The results are significant. There is enough evidence to say that the proportion of generation z riders in san franscisco is less than the proportion of generation z riders in New York.

# Millennials

In [72]:
p_millennial_SF = data.loc['Millennials', 'SF'] / data['SF'].sum()
p_millennial_NY = data.loc['Millennials', 'NY'] / data['NY'].sum()
n_SF = data['SF'].sum()
n_NY = data['NY'].sum()

p_hat = p_millennial_SF - p_millennial_NY
s_e = np.sqrt((p_millennial_SF * (1 - p_millennial_SF) / n_SF) + (p_millennial_NY * (1 - p_millennial_NY) / n_NY))
CI = (p_hat - 1.96*s_e, p_hat + 1.96*s_e)

In [73]:
CI

(0.08823769583141865, 0.09035530220864403)

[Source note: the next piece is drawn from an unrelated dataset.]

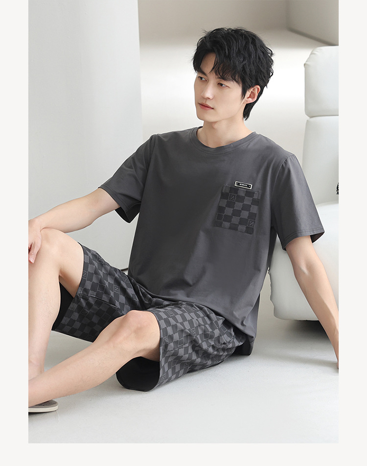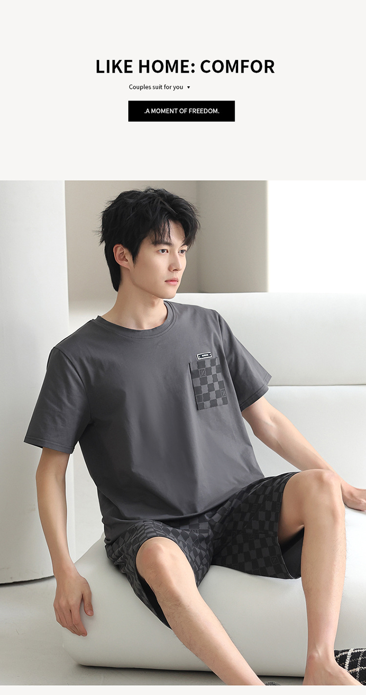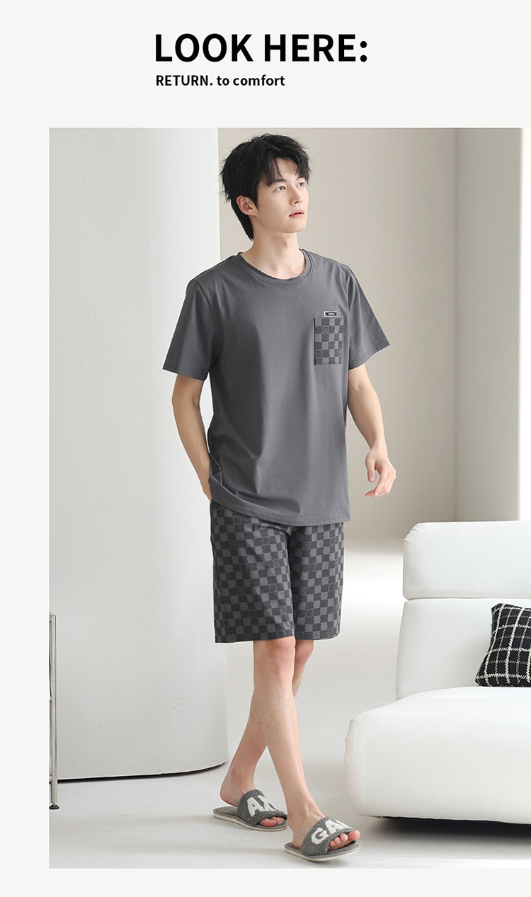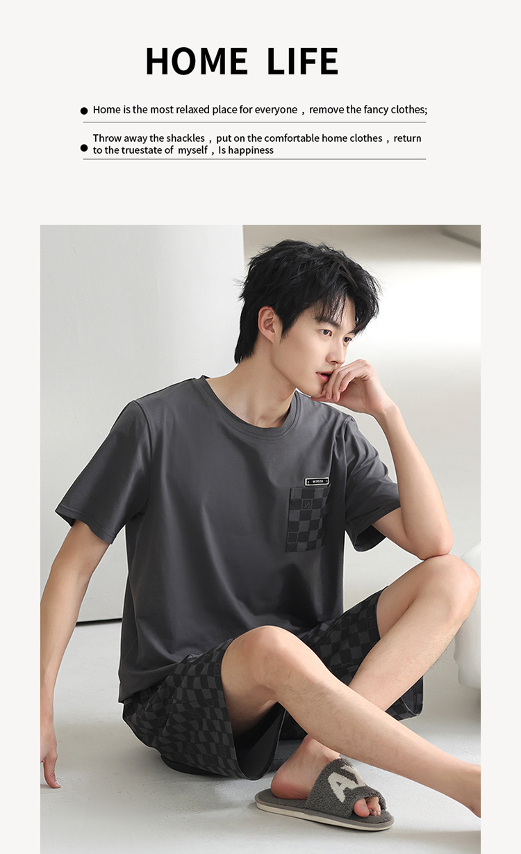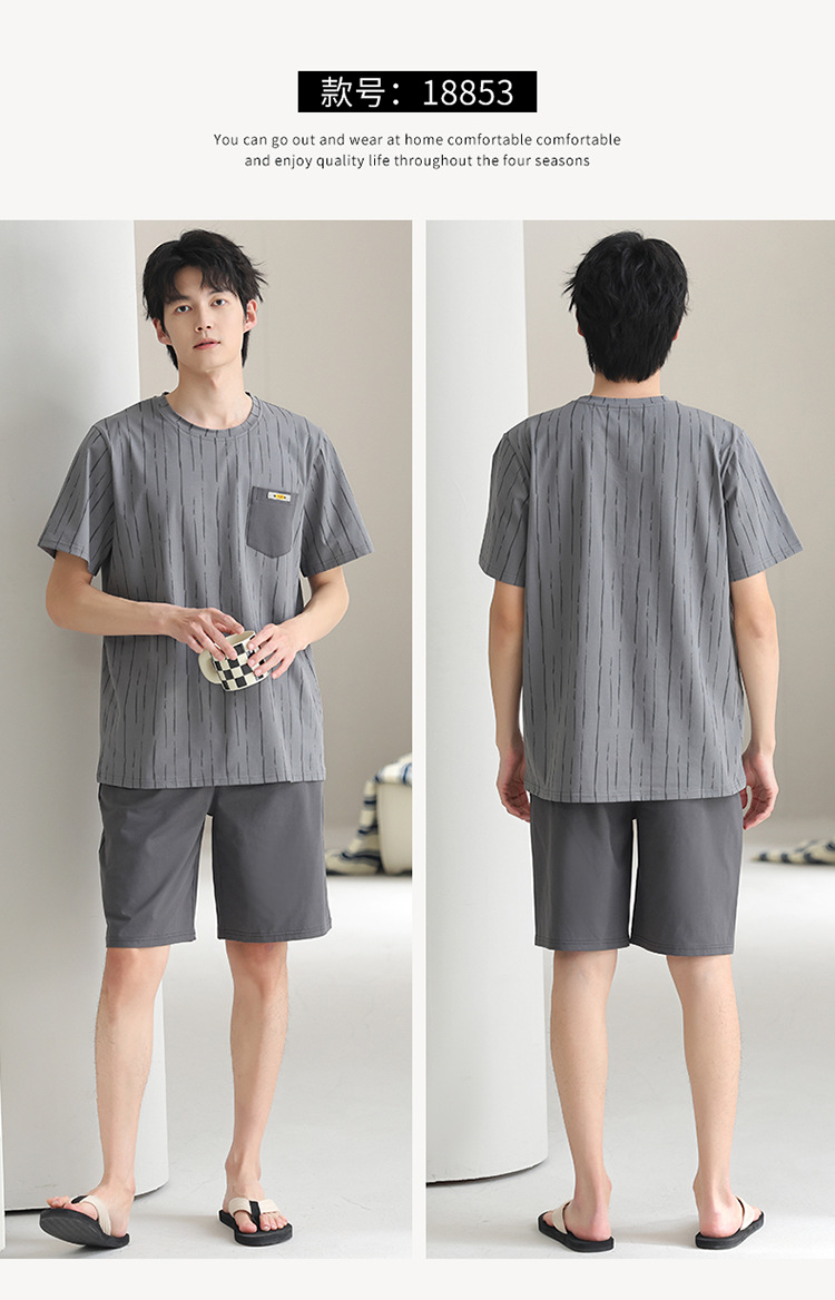 모달 파자마 남자 여름 2025 새로운 스타일 홈 의류 세트 짧은 소매 느슨한 플러스 사이즈 시원한 외부 착용스토어 가기

The results are significant. There is enough evidence to say that the proportion of millennial riders in san franscisco is more than the proportion of millennial riders in New York.

# Silent

In [74]:
p_silent_SF = data.loc['Silent', 'SF'] / data['SF'].sum()
p_silent_NY = data.loc['Silent', 'NY'] / data['NY'].sum()
n_SF = data['SF'].sum()
n_NY = data['NY'].sum()

p_hat = p_silent_SF - p_silent_NY
s_e = np.sqrt((p_silent_SF * (1 - p_silent_SF) / n_SF) + (p_silent_NY * (1 - p_silent_NY) / n_NY))
CI = (p_hat - 1.96*s_e, p_hat + 1.96*s_e)

In [75]:
CI

(-0.0010831952399298162, -0.0008542875540427901)

The results are significant. There is enough evidence to say that the proportion of silent riders in san franscisco is less than the proportion of silent riders in New York.